Work task: Restate word for word the entries below, starting with the line with "19 Cancer 8 |" and continuing through the line with "Trump Always Chickens". Include both of those lines and no others.

Material for this task:
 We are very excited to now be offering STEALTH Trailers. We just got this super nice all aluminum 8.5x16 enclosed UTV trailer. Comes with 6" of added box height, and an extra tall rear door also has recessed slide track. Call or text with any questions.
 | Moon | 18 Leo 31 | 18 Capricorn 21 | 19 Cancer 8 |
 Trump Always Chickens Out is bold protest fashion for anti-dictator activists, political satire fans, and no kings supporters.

* * *

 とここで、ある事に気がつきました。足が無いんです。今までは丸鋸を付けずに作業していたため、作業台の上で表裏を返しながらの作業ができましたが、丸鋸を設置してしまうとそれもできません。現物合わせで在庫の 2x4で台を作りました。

Solution for this task:
 | Moon | 18 Leo 31 | 18 Capricorn 21 | 19 Cancer 8 |
 Trump Always Chickens Out is bold protest fashion for anti-dictator activists, political satire fans, and no kings supporters.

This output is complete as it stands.